Supplied information:
=-=-=
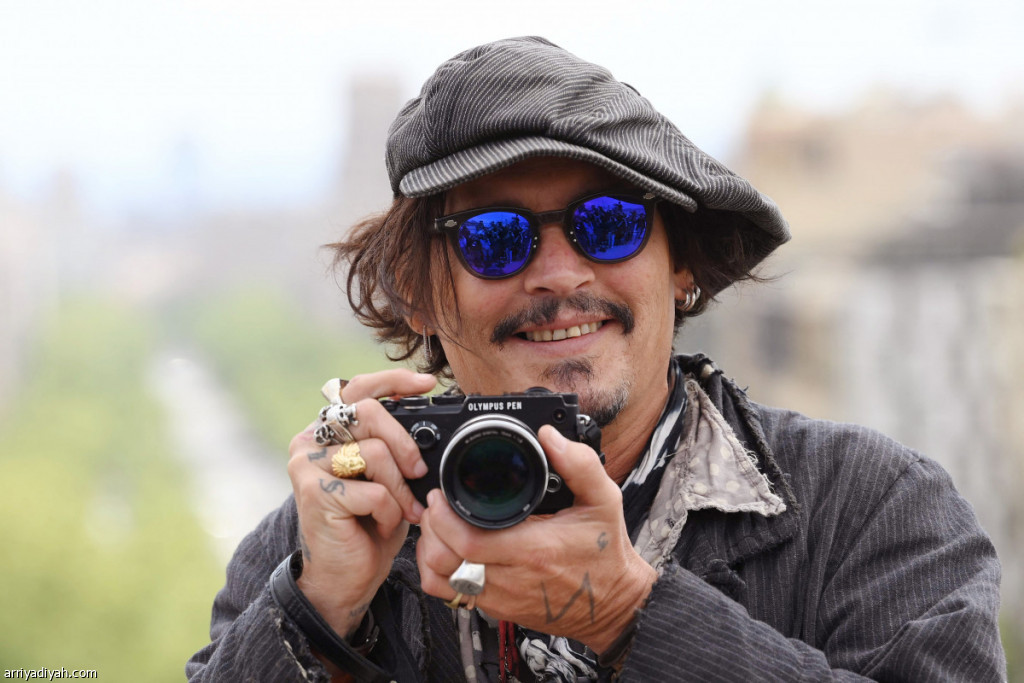 صورة التقطت أمس لجوني ديب الممثل الأمريكي يستعد لالتقاط صور بكاميرته الخاصة أثناء التصوير الفوتوغرافي لفيلم “ميناماتا” في برشلونة مستثمرًا وقت توقف التصوير (الفرنسية)
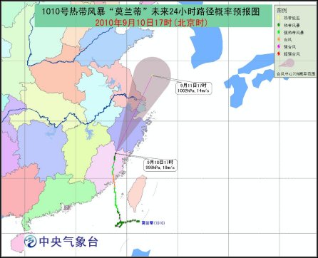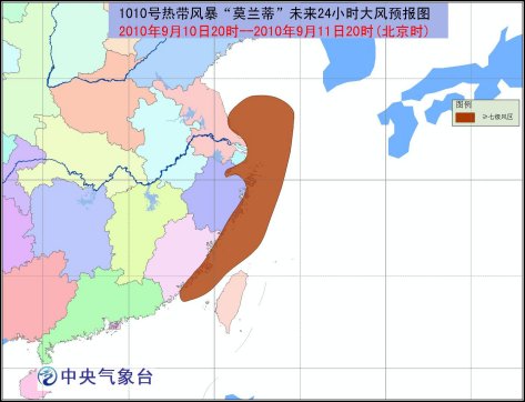 受“莫兰蒂”、西南季风和冷空气的共同影响,9月10日20时到11日20时,台湾海峡、东海西部海面、台湾沿海、福建沿海、浙江沿海、杭州湾、长江口区有7-8级大风,阵风可达9-10级;江苏东部和南部、上海、安徽东南部、浙江大部、江西东北部和东南部、福建西北部和南部、广东大部、广西南部、海南中北部等地有大雨或暴雨,局地有大暴雨。
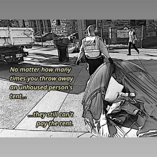 No matter how many times you throw away an unhoused person’s tent…. they still can’t pay rent, are not cured of their drug misuse, or healed from mental health issues.
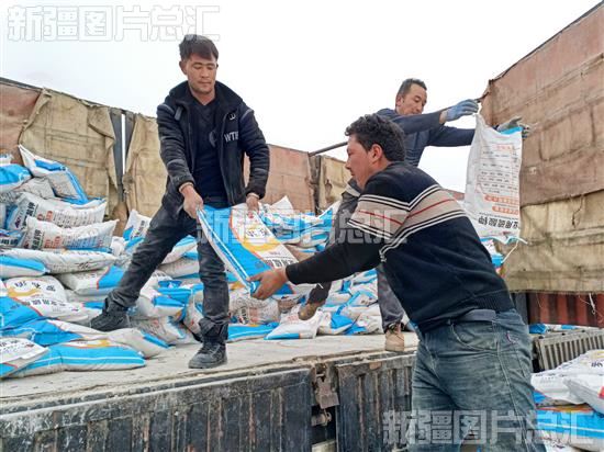 2023年2月6日,温宿县恰格拉克乡吉格代村村民在卸载化肥。
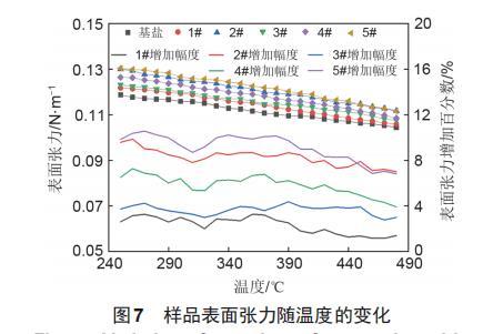 樣品的表面張力值隨溫度變化如圖7所示??梢钥吹?,在250~480℃內(nèi),基鹽的表面張力在0.1044~0.1188N/m,表面張力隨溫度的升高呈下降趨勢。1#納米熔鹽的表面張力在0.1059~0.1219N/m,對數(shù)據(jù)進(jìn)行擬合后,擬合系數(shù)在0.995以上,擬合程度較好。2#納米熔鹽的表面張力在0.1117~0.1301N/m,擬合系數(shù)為0.996,隨溫度變化的趨勢和基鹽及一般熔鹽表面張力的變化趨勢保持一致,均隨溫度的升高呈下降趨勢。3#和4#納米熔鹽的表面張力在0.1075~0.1232 N/m和0.1085~0.1265 N/m,擬合系數(shù)都在0.994以上,其中4#納米熔鹽的擬合系數(shù)與2#納米熔鹽的擬合系數(shù)相同,均為0.996,擬合程度最好。5#納米熔鹽的表面張力在0.1115~0.1305N/m,擬合系數(shù)為0.991。
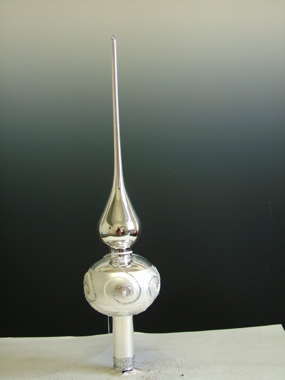 Skleněná vánoční ozdoba ve tvaru špice, 1-kulová, hladká, stříbrná, středem pruh bílým matem, plast. dekor, velikost koule 6 cm/délka špice 26 cm, velikost koule 7 cm/délka špice 28 cm, foto ilustrační
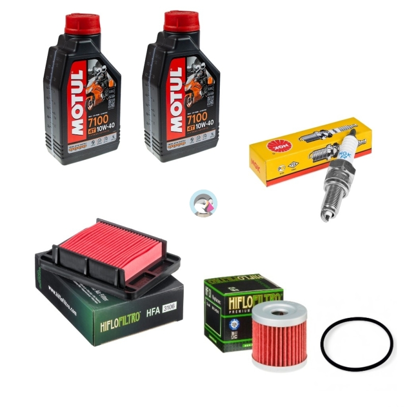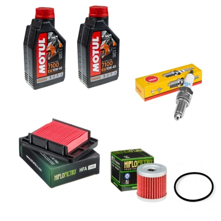 Zestaw serwisowy, na który składa się olej Motul 7100 10W40 1 litr, syntetyczny, filtr oleju Hiflofiltro, filtr powietrza WM, świeca zapłonowa NGK, do motocykli Honda CBF125 2009 - 2016.
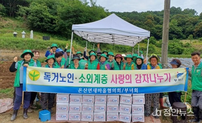 정안뉴스 황도연 기자 | 부여군 은산면 남여 새마을지도자협의회(협의회장 이우복, 부녀회장 김혜숙)는 은산면 시가지 환경정화 및 지역 내 어려운 이웃을 돕기 위한 사랑의 감자 수확 활동을 추진했다고 26일 밝혔다.
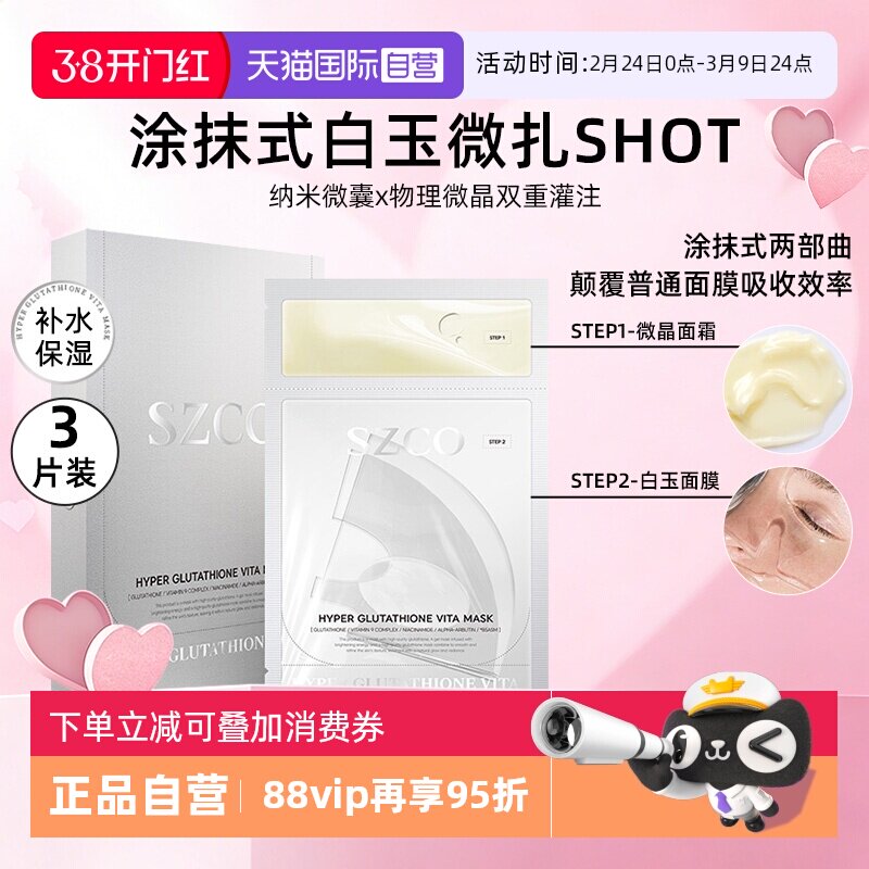 【自营】SZCO丹宜诗谷胱甘肽白玉微针面膜3片/盒涂抹脸部水光保湿
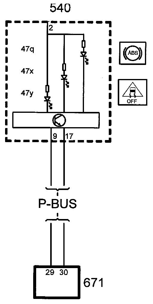 When the ESP or TCS function is activated, a bus message sent by the ESP control module lights up a lamp on the main instrument unit. The lamp extinguishes as soon as the function cuts out.
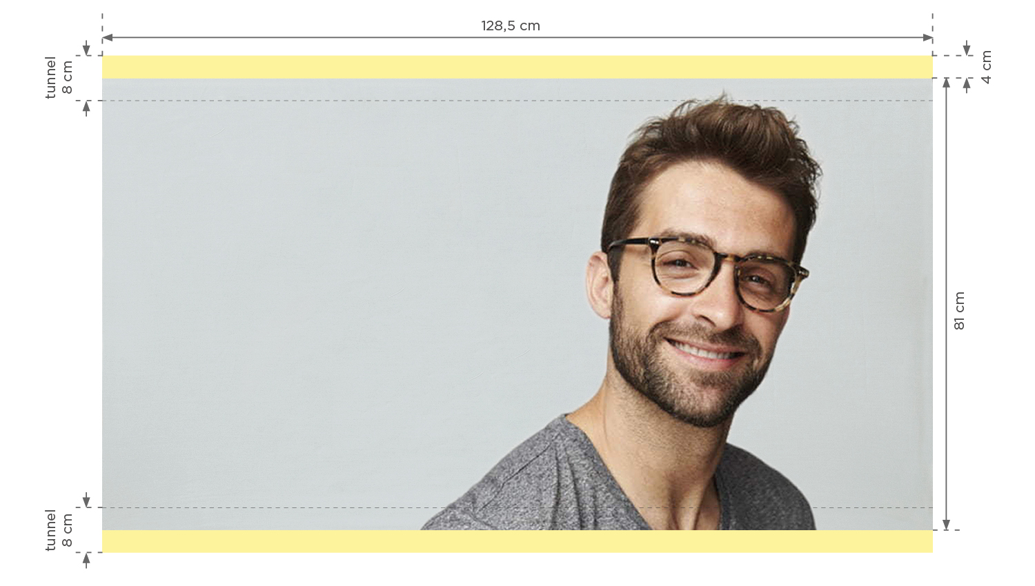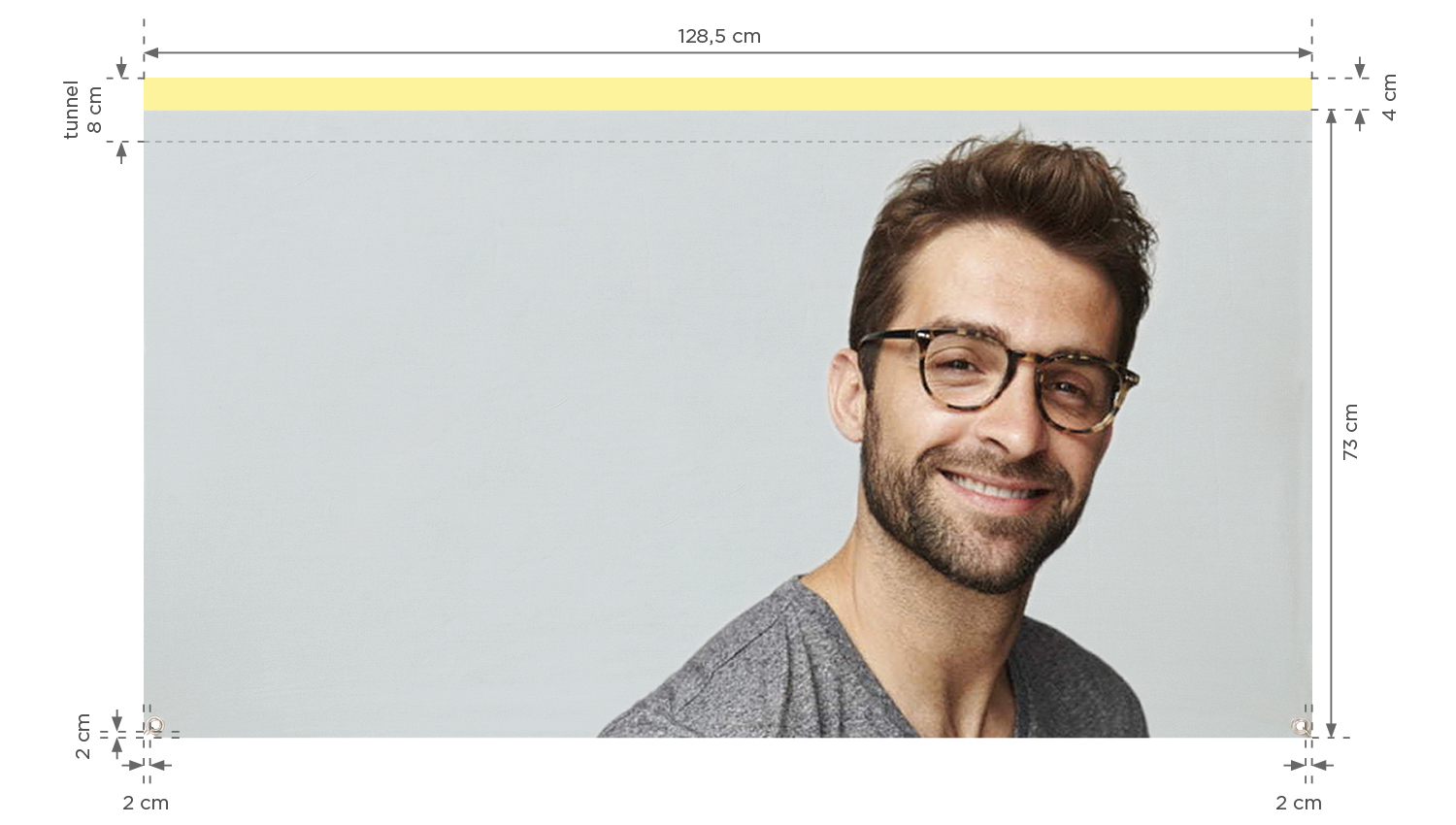Grafika se uchycuje shora pomocí horní tyče, která se zasune do tunelu, a zespodu pomocí napínáků přichycených k očkům na spodní části potisku. Upozorňujeme, že oblast označená žlutě by neměla obsahovat žádné prvky grafického návrhu. Doporučeným materiálem pro tento systém je frontlit banner s gramáží maximálně 510 g/m².
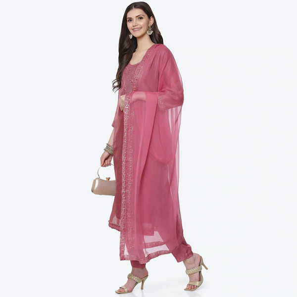 • Pink and silver-toned unstitched dress material
=-=-=
What the task requires: Pictures stay out. Repeat only the lines from the beginning of the data through the line that has "2023年2月6日,温宿县恰格拉克乡吉格代村村民在卸载化肥。".

Solution to the problem:
 صورة التقطت أمس لجوني ديب الممثل الأمريكي يستعد لالتقاط صور بكاميرته الخاصة أثناء التصوير الفوتوغرافي لفيلم “ميناماتا” في برشلونة مستثمرًا وقت توقف التصوير (الفرنسية)
 受“莫兰蒂”、西南季风和冷空气的共同影响,9月10日20时到11日20时,台湾海峡、东海西部海面、台湾沿海、福建沿海、浙江沿海、杭州湾、长江口区有7-8级大风,阵风可达9-10级;江苏东部和南部、上海、安徽东南部、浙江大部、江西东北部和东南部、福建西北部和南部、广东大部、广西南部、海南中北部等地有大雨或暴雨,局地有大暴雨。
 No matter how many times you throw away an unhoused person’s tent…. they still can’t pay rent, are not cured of their drug misuse, or healed from mental health issues.
 2023年2月6日,温宿县恰格拉克乡吉格代村村民在卸载化肥。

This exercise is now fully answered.